What you have to do
Return the line containing "Vtg Nelson Watch" and every line beneath it through the end of the entries below, unchanged. Pictures stay out.

--- --- ---

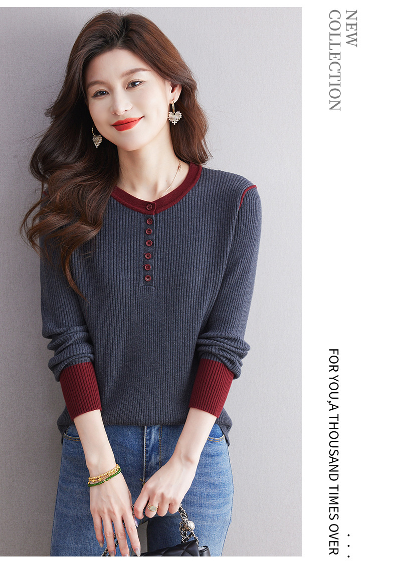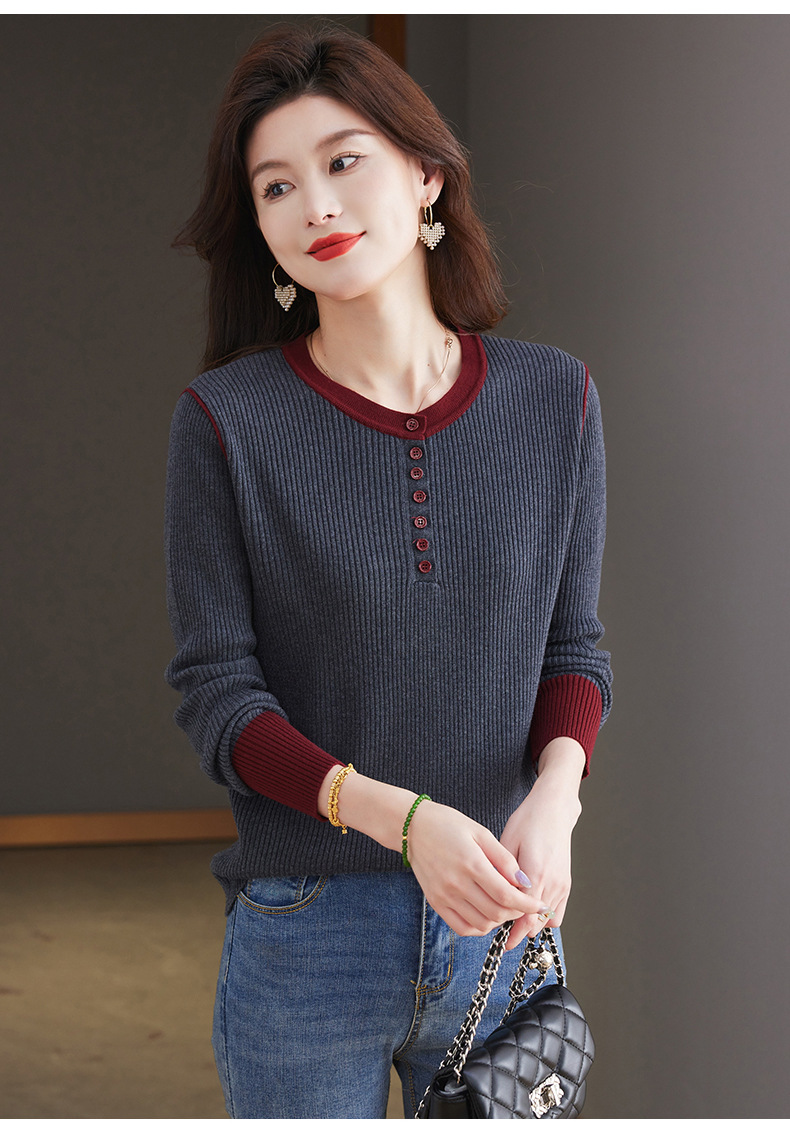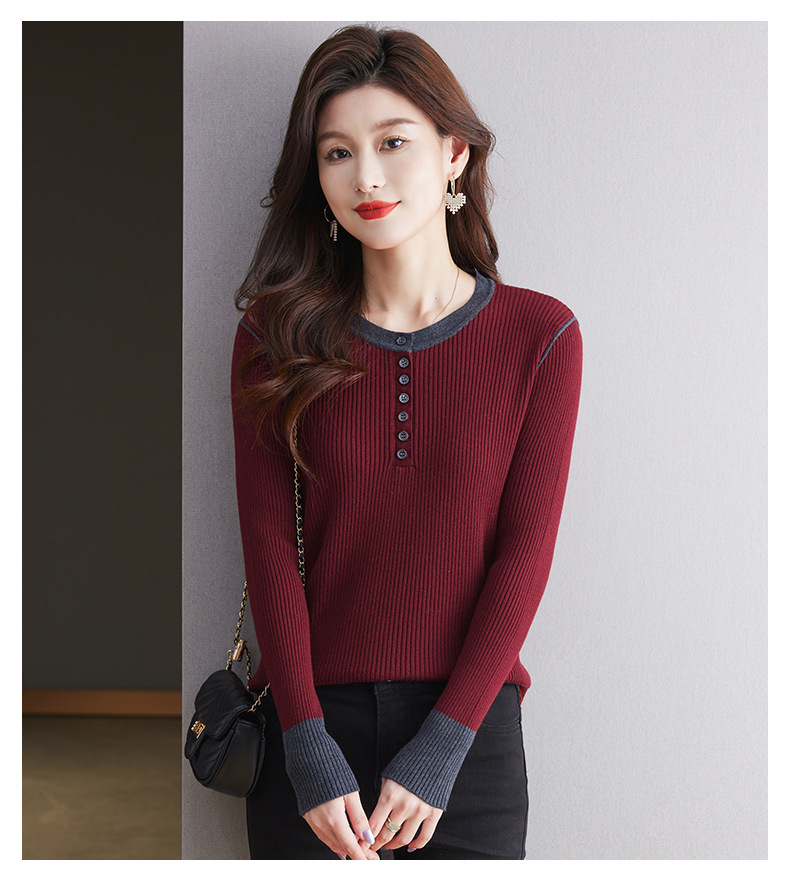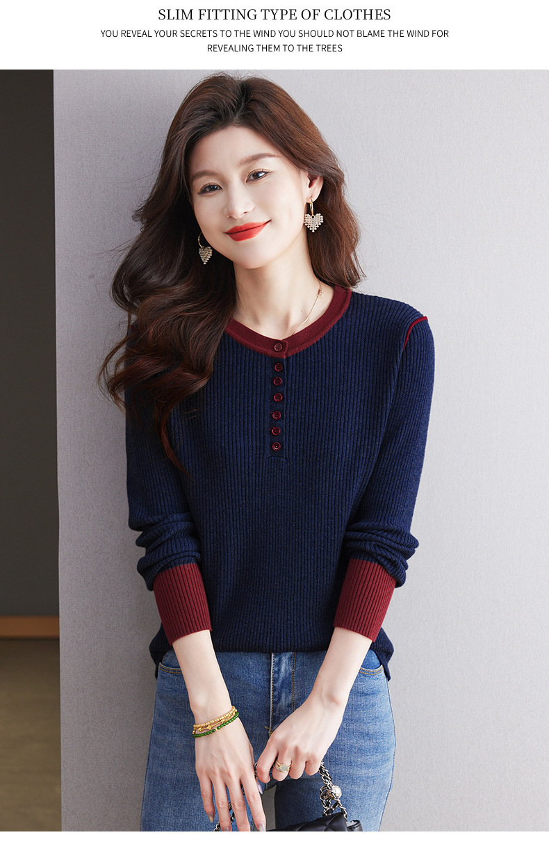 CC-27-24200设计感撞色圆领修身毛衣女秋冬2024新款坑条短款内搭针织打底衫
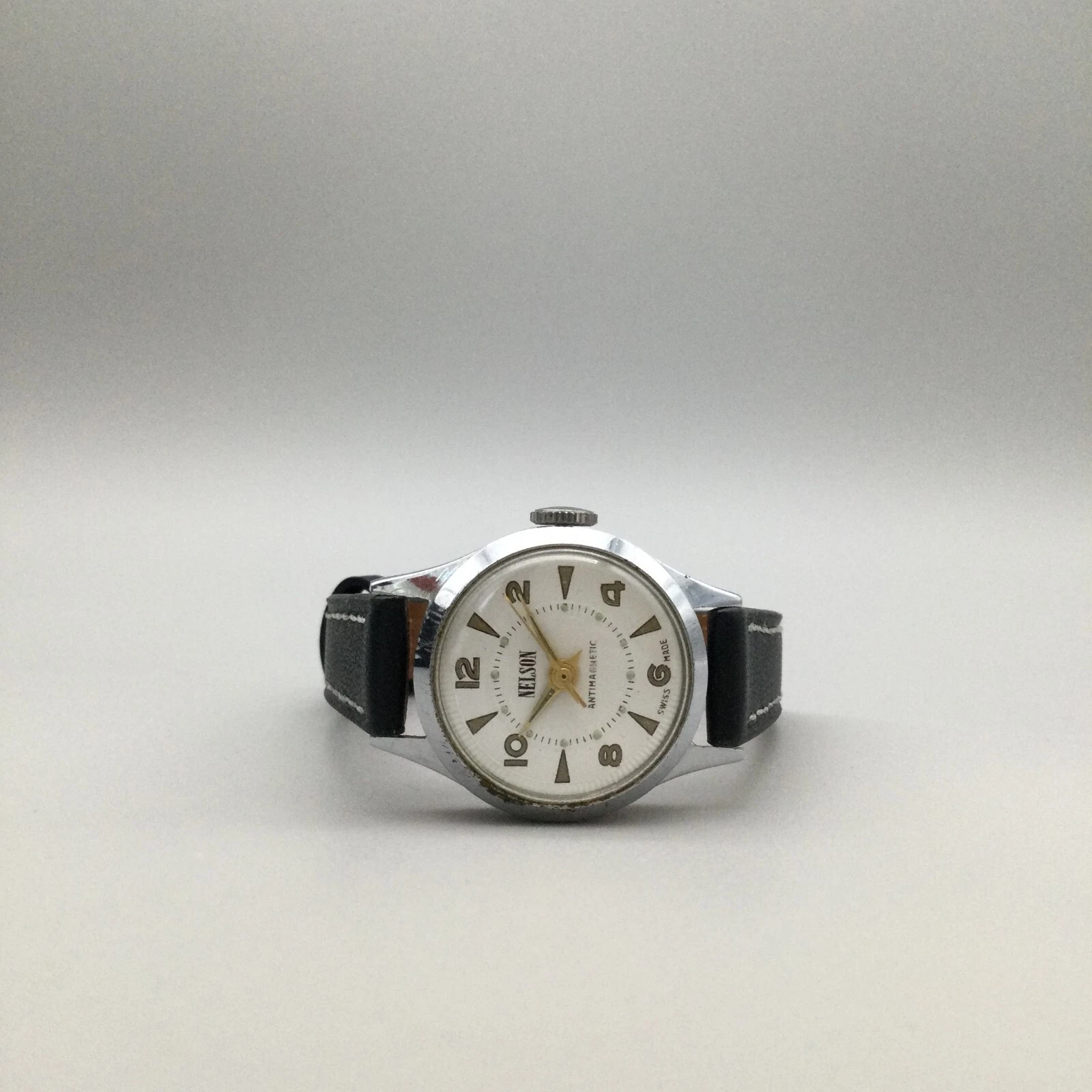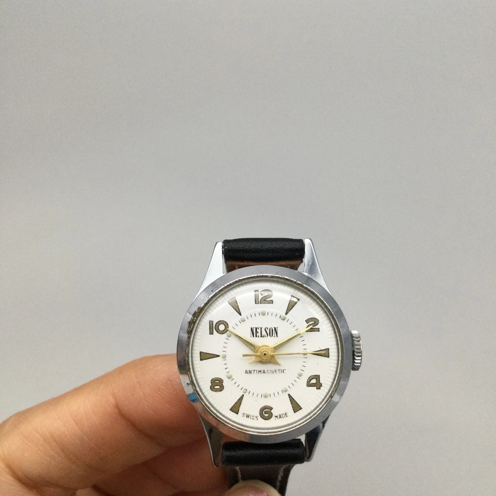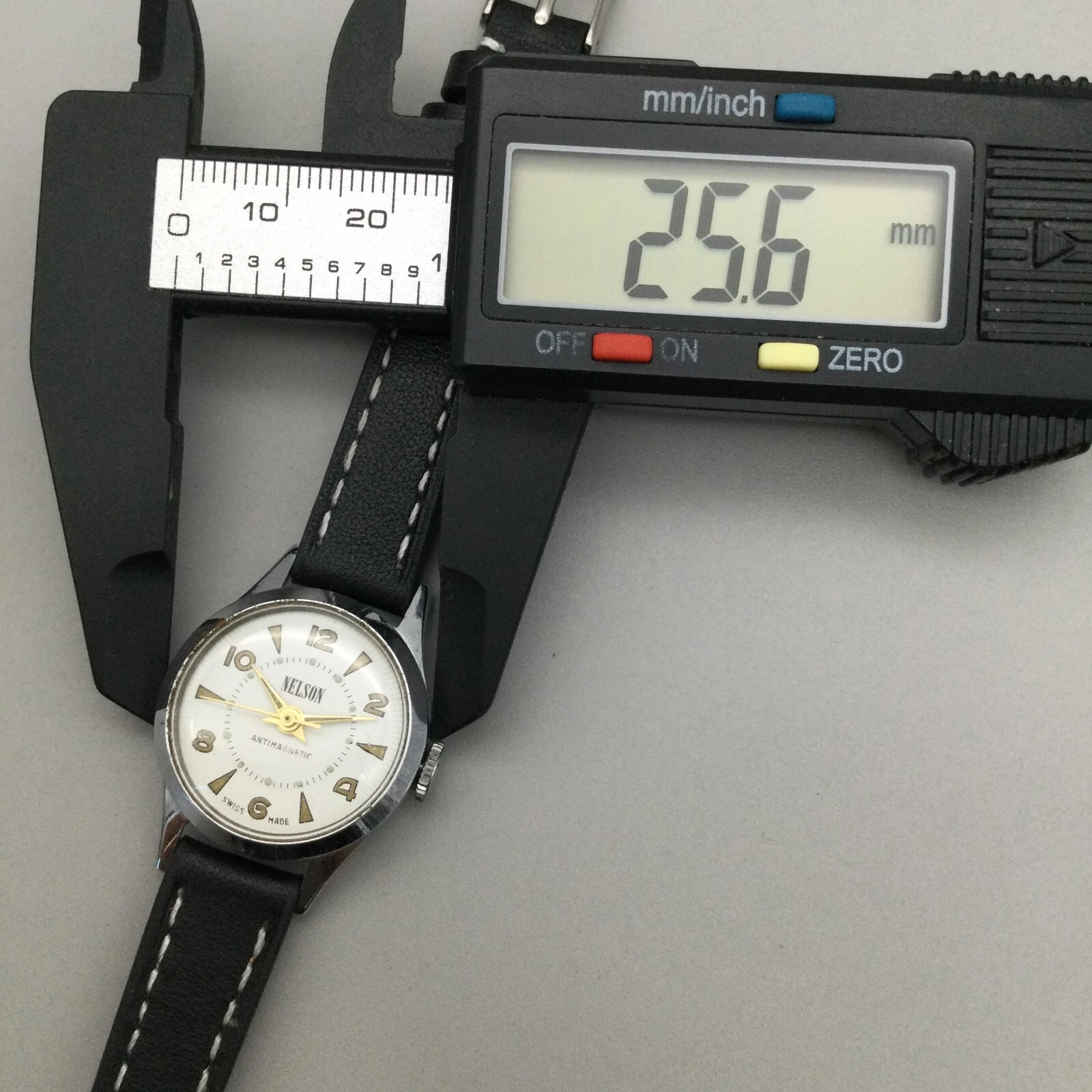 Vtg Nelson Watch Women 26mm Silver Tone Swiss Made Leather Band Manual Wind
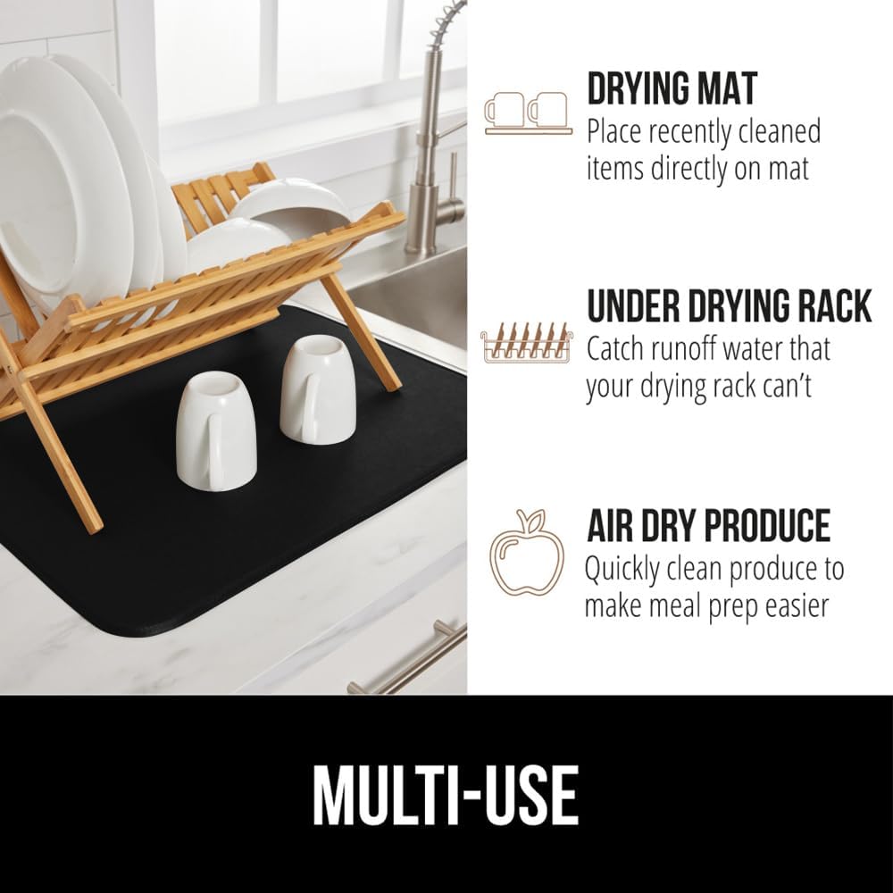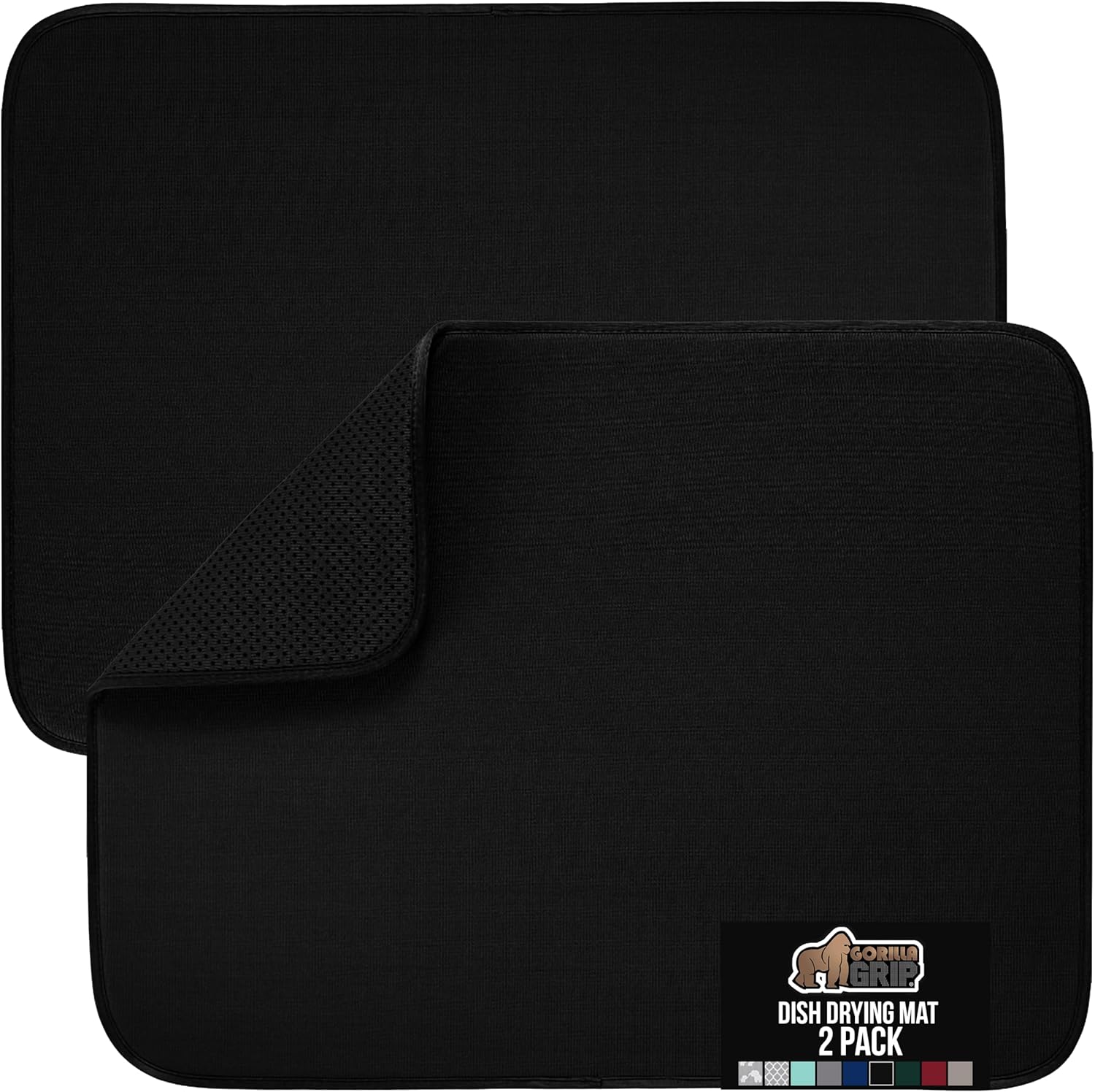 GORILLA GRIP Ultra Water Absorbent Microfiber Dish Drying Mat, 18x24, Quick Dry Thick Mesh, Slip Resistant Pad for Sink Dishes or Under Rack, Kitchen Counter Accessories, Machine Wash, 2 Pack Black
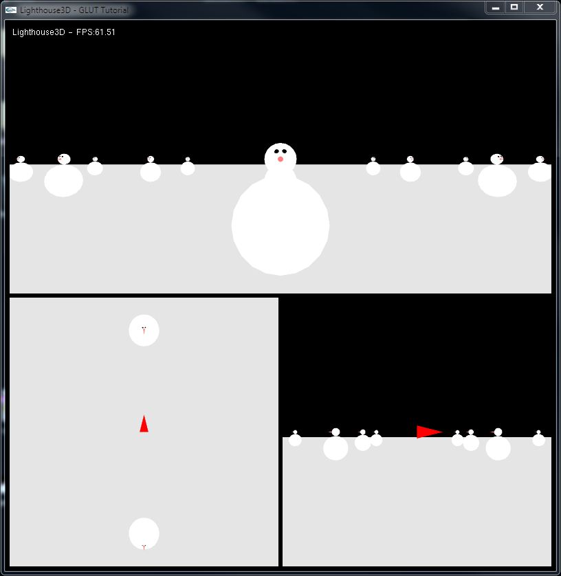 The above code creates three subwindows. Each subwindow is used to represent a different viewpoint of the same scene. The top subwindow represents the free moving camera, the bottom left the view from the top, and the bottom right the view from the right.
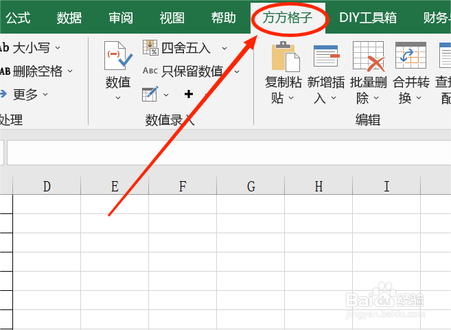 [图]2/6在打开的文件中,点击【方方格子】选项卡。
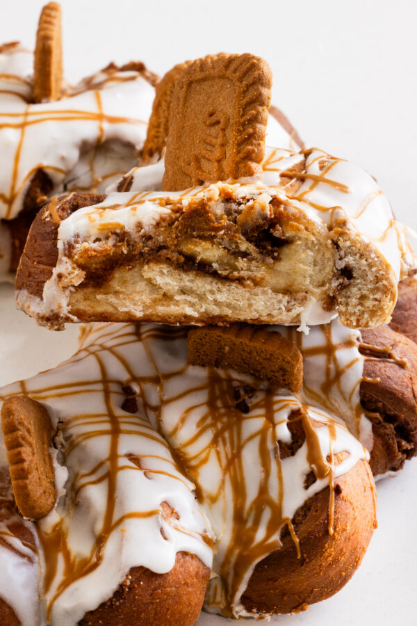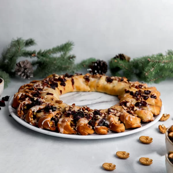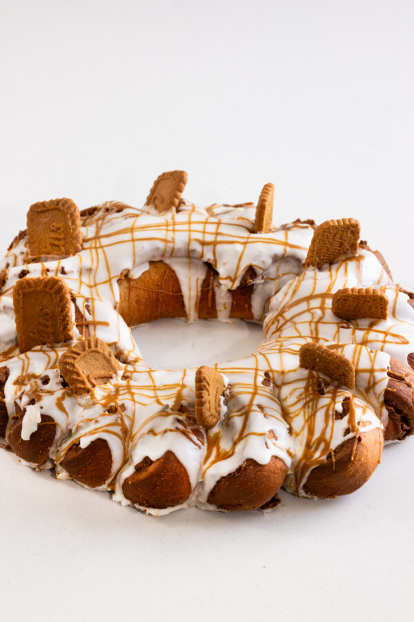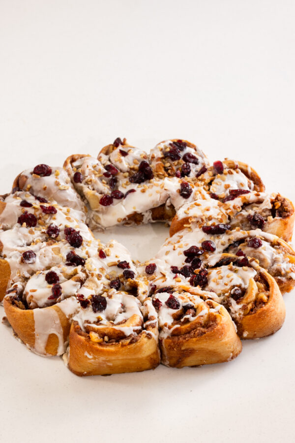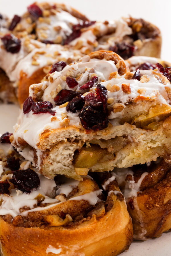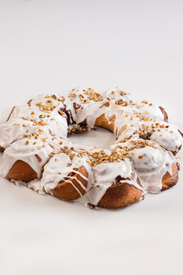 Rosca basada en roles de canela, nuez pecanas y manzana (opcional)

--- --- ---

Problem solution
 Vtg Nelson Watch Women 26mm Silver Tone Swiss Made Leather Band Manual Wind
 GORILLA GRIP Ultra Water Absorbent Microfiber Dish Drying Mat, 18x24, Quick Dry Thick Mesh, Slip Resistant Pad for Sink Dishes or Under Rack, Kitchen Counter Accessories, Machine Wash, 2 Pack Black
 The above code creates three subwindows. Each subwindow is used to represent a different viewpoint of the same scene. The top subwindow represents the free moving camera, the bottom left the view from the top, and the bottom right the view from the right.
 [图]2/6在打开的文件中,点击【方方格子】选项卡。
 Rosca basada en roles de canela, nuez pecanas y manzana (opcional)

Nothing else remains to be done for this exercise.